Одна отдельно счастливая жизнь. Записки художника - страница 18
9 мая. Victoria!
В детдоме мне обрадовались, но я видел, что меня подзабыли, Булкой уже никто не называл. В остальном все было по-старому. Мы все снова были за городом, в летнем лагере, опять на той же Зеленоградской, только с правой стороны. И снова стали зарабатывать трудодни в колхозе XVII партсъезда. Мне еще надо было осенью сдать экстерн за IV класс, так как я с января все уроки пропустил. Пришлось с Евгенией Васильевной сидеть после обеда. Для меня это была только радость, поскольку иногда она приносила мне такие же замечательные открытки, как и раньше. У нее, видимо, была большая коллекция. Были виды городов – Владимир, Новгород, Париж, Венеция, Рим. Были “Гербы губернских городов Российской империи”, балерины, актеры.
В колхозе после нудных и противных бесконечных прополок нас вдруг послали на сбор клубники – в виде премии. Конечно, мы постарались ее поесть побольше, “на всю жизнь”. Открыли волейбольную площадку, повесили сетку. По вечерам играли до самой темноты, потом шли на речку.
Следующая зима пролетела как-то незаметно, без происшествий. Постоянно ходили смотреть салюты. И весной – яркая вспышка: День Победы. Я с утра отпросился в город и помчался в центр пешком, бегом, на Манежную и на Красную площади. Весь центр был забит народом, все орали от радости, целовались, военных подбрасывали вверх. Помню иностранных военных на балконе “Интуриста”, которые пальцами показывали ликующей толпе знак “V”, Victoria, Победа, а наши не понимали и кричали им “Ура! Ура!”. После ужина все наши помчались на Красную площадь смотреть салют. Передать то ощущение счастья и всеобщей любви друг к другу – невозможно. Народ на Красной площади во время салюта пришел в состояние невероятного возбуждения, люди не знали, как еще выразить абсолютное счастье: прыгали, пели, обнимались, бросали цветы, кричали “Ура!” из последних сил.
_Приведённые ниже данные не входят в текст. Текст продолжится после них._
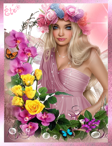 Blonde couronne de fleur et fleurs en été
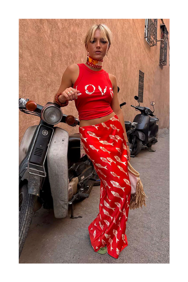 The Adele Skirt is designed to make an entrance. Cut on the circle from saturated red crepe, this midi length beauty swirls effortlessly with every...
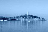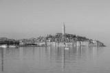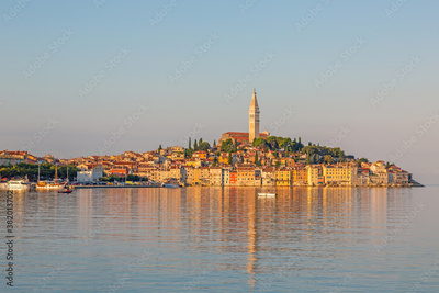 Silhouette of the historic city Rovinj at morning time with light reflections in the water
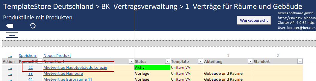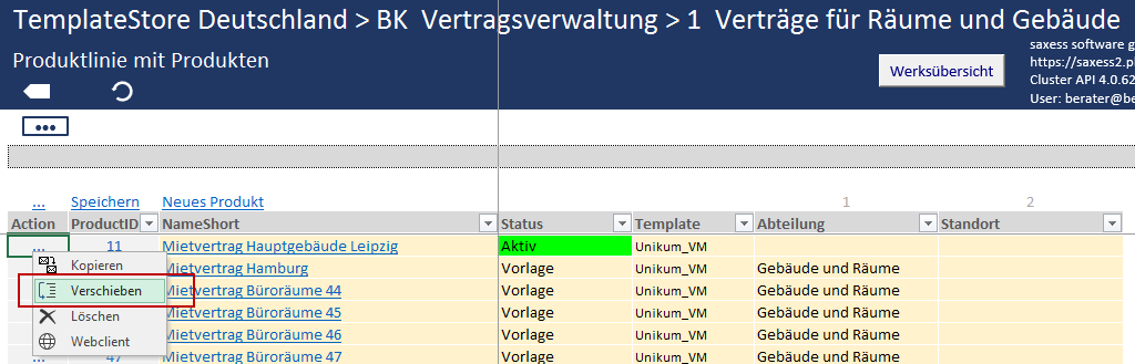 1) Navigate to the product you wish to relocate and click on the ActionLink in the Action column.
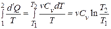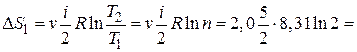 = Ответ: 1) ЗАДАЧИ ДЛЯ САМОСТОЯТЕЛЬНОГО РЕШЕНИЯ 2.33. Какое количество тепла Q нужно сообщить 75 г водяных паров, чтобы нагреть их от 100 С до 250 °С при постоянном давлении? Определите изменение энтропии водяного пара. (Q = 20,8 кДж; D S = 47,5 Дж/К) 2.34. Определить изменение D S энтропии при изотермическом расширении кислорода массой m = 10 г от объема V 1 = 25 л до объема V 2 = 100 л. (Относительная молекулярная масса кислорода 32). (3,6 Дж/К) 2.35. Найти изменение D S энтропии при нагревании воды массой m = 100 г от температуры t 1 = 0 ° C до температуры t 2 = 100 ° C и последующим превращении воды в пар той же температуры. Удельная теплоемкость воды C = 4,18 кДж/(кг×К), удельная теплота парообразования воды 2,25×103 кДж/кг. (737Дж/К) 2.36. Найти изменение D S энтропии при превращении массы m = 200 г льда, находившегося при температуре t 1 = -10,7 ° C в воду при t 2 = 0 ° C. Теплоемкость льда считать не зависящей от температуры. С = 2,1×103 Дж/(кг×К). Температуру плавления принять равной 273 К.Удельная теплота плавления льда l = 333×103 Дж/кг. (D S = m[C × ln (T 2/ T 1)+l/ T 2 ] = 261 Дж/К) 2.37. Один киломоль газа изобарически нагревается от 20 до 600 °С, при этом газ поглощает 1,20×107 Дж тепла. Найти число степеней свободы молекулы газа i; построить зависимость энтропии S как функцию от температуры Т газа. (i = 3)
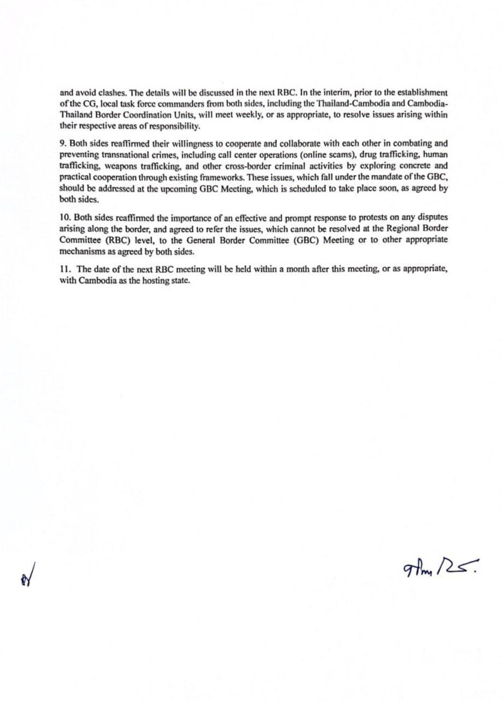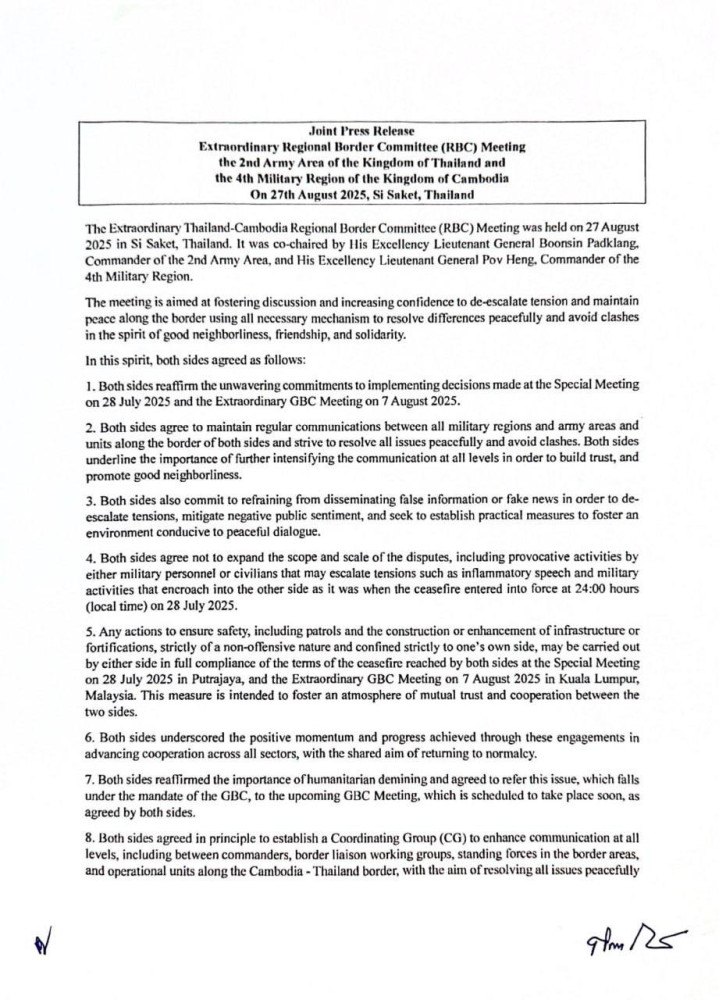 The following is the Joint Press Release on the Outcomes of the Extraordinary Meeting of the Regional Border Committee (RBC) between the 4th Military Region of the Kingdom of Cambodia and the 2nd Army Area of the Kingdom of Thailand, held on Aug. 27, 2025:
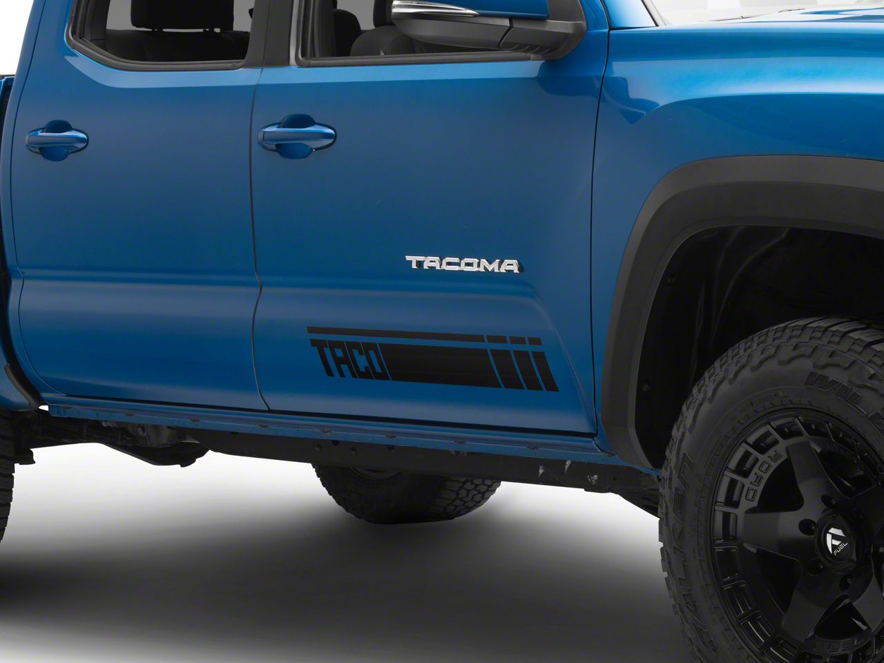 TACO Rocker Stripes. A simple and inexpensive way to personalize the exterior styling of your Tacoma is with a set of SEC10 TACO Rocker Stripe Decals. These SEC10 Rocker Stripe Decals feature a fading strobe design with the popular TACO moniker.
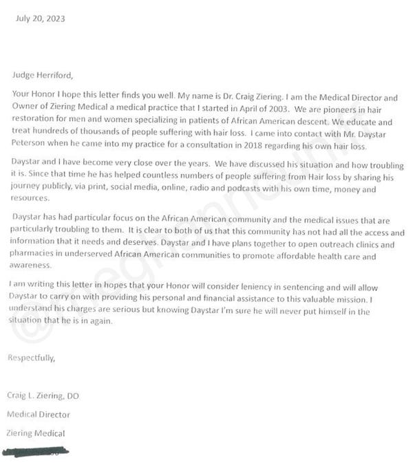 Lanez “has helped countless numbers of people suffering from Hair loss by sharing his journey publicly, via print, social media, online, radio and podcasts with his own time, money and resources,” according to Ziering’s letter.
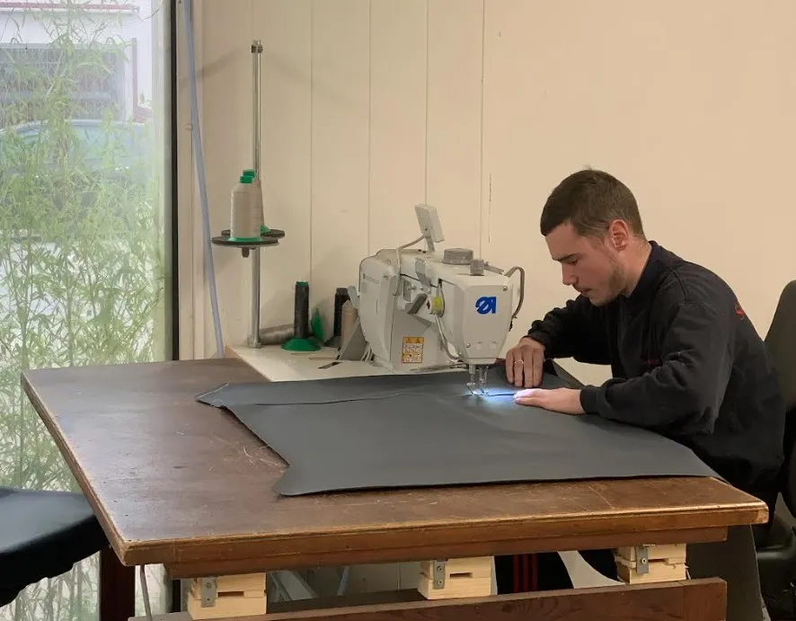 La passion pour le métier de sellier a été transmise de père en fils chez nous. Dès son plus jeune âge, mon fils accompagnait son père à l'atelier et s'amusait à démonter des selles de moto. Il a ensuite suivi une formation en apprentissage et a décidé de revenir travailler avec nous après avoir parcouru la France avec les Compagnons du Devoir. C'est avant tout une passion pour lui, et nous sommes fiers de voir cette tradition se perpétuer au sein de notre entreprise familiale.

И после салюта долго еще не расходились. В эту ночь у нас в детдоме никто не спал, сидели в зале, мечтали о будущем.
Будни военных лет
После Дня Победы в детдоме все стали вспоминать будни военных лет. Я тоже стал вспоминать, как в 41-м ходил по Москве без всякой цели. Ходили с кем-то из ребят смотреть, как разбомбили дома за Красной площадью, в Зарядье, и рядом с нами, на улице Мархлевского или на Трубной. Надо сказать, что руины обычно убирали очень быстро. Но у нас, на улице Кирова, половина пятиэтажного дома очень долго, всю зиму, стояла как была. Две стены рухнули, комнаты были наружу, но с внутренней стороны закрыты на замок. С улицы все это выглядело как пять театральных декораций, стоящих одна на другой.
Мои соседки-девочки приходили поздно, усталые, в гимнастерках и серых телогрейках, казались совсем измученными. Я работал во дворе, на овощной базе, где мы с ребятами таскали мешки допоздна, приносил какие-то “трофеи”. В нашей квартире была большая ванная комната с душем. В ней стояло и висело множество корыт, тазов и шаек. Девочки кипятили на примусах воду, разбавляли, делали теплую, ставили меня в корыто и мыли мочалкой с мылом все втроем. Мне, помню, и в голову не приходило, что их надо стесняться. Я к ним так привык, что считал их сестрами. Сколько лет им было – не знаю, но вроде двое кончали школу, а третья, темноволосая Люся, выглядела немного старше.
Тревоги в Москве продолжались; однажды взрывной волной от фугасной бомбы меня буквально выбросило, и я летел через весь наш коридор, метров пять. Второй раз я испытал такой удар на крыше, но, по счастью, упал в окно чердака и легко отделался ушибами и синяками.